# Minimum and Maximum number of edges of a graph with vertex degree restricted

Today we were given this problem: Given a simple and connected graph with 7 vertices, such that they all have degree more than or equal to 2 and that at least two of them have degree less than or equal to 3, calculate the minimum and maximum number of edges of the graph. A bonus question was to determine the number of edges for which the graph could not be bipartite. What I thought: The minimum number of edges will be achieved when all vertices have degree $$2$$, so the number of edges will be $$7$$. I do not know how to justify the maximum, but I thought that I could have three vertices with degree $$6$$, two of them with degree $$4$$ and two of them with degree $$3$$, achieving $$16$$ edges. I know that a bipartite graph has at most $$n^2/4$$ edges ($$n$$ is the number of vertices of the graph), so edges must lie between $$7$$ and $$11$$. Moreover, the only graph with $$7$$ edges that fits the conditions is the 7-cycle, which is not bipartite, so we can restrict it to $$8-11$$. Any help/advice?

1. Apparently, we still need to prove that there cannot be $$17$$ edges or more under the given conditions. In fact, if our graph has at least $$17$$ edges, then removal of two vertices of degree $$3$$ will lead to removal of no more than $$6$$ edges. But then we would get a graph with $$5$$ vertices and at least $$11$$ edges, which is impossible.

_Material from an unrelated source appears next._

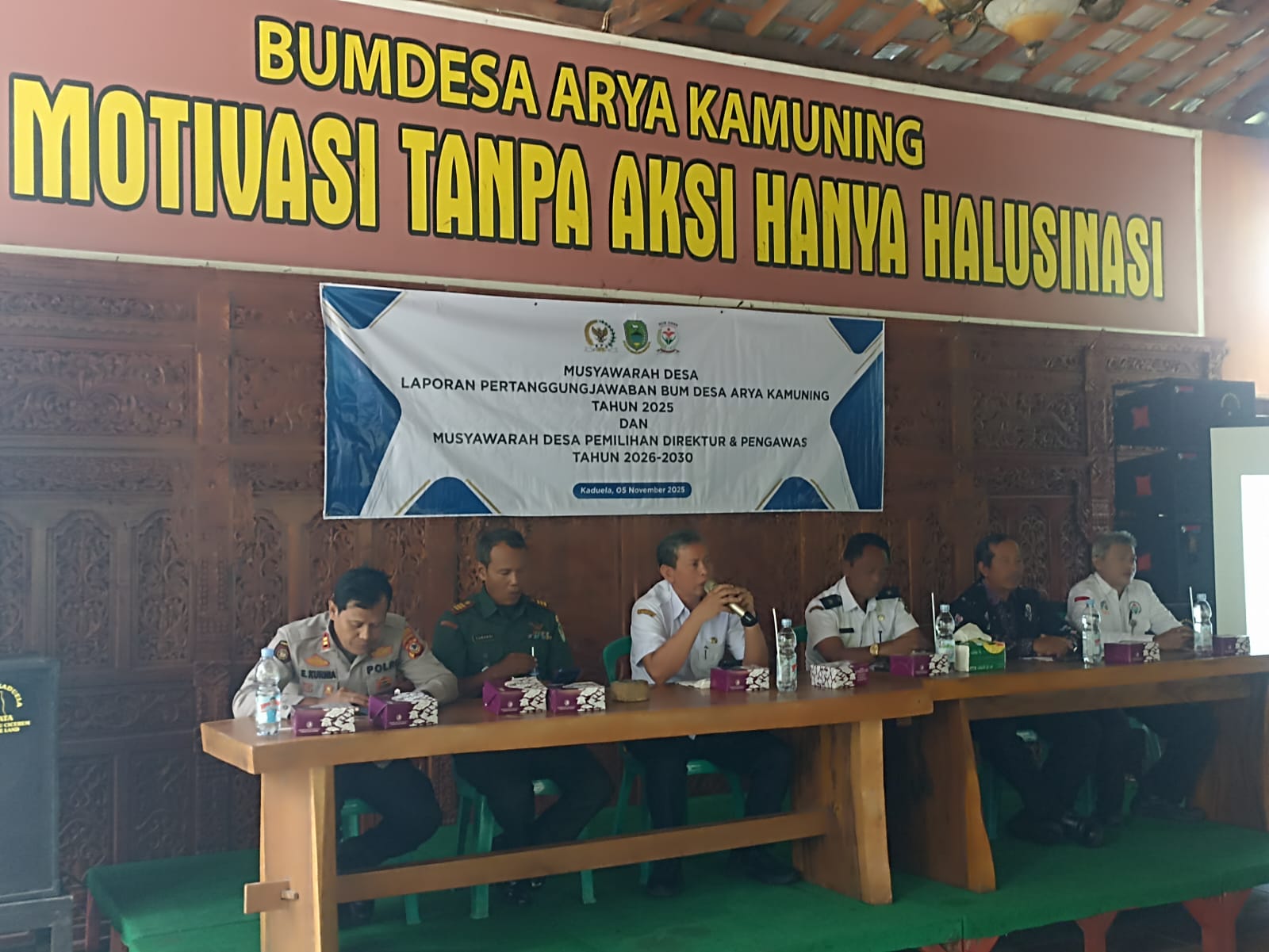 Pasawahan – Kapolsek Pasawahan IPTU Enang Kurnia didampingi Bhabinkamtibmas Desa Kaduela Brigpol Wahyu Nopiyanto Hermawan, S.H. menghadiri kegiatan Musdesus Desa Kaduela di Pendopo Telaga Biru yang membahas laporan pertanggungjawaban BUMDes Arya Kamuning periode 2021–2024, Kamis (6 November 2025).

2. Graph $$K_{3,4}$$ has $$12$$ edges and $$4$$ vertices of degree $$3$$. If a graph has $$7$$ vertices and $$13$$ edges, then it cannot be bipartite. This can be easily checked because graphs $$K_{1,6}$$ and $$K_{2,5}$$ have $$6$$ and $$10$$ edges respectively and it is obvious that any bipartite graph is complemented to a complete bipartite graph with the same number of vertices.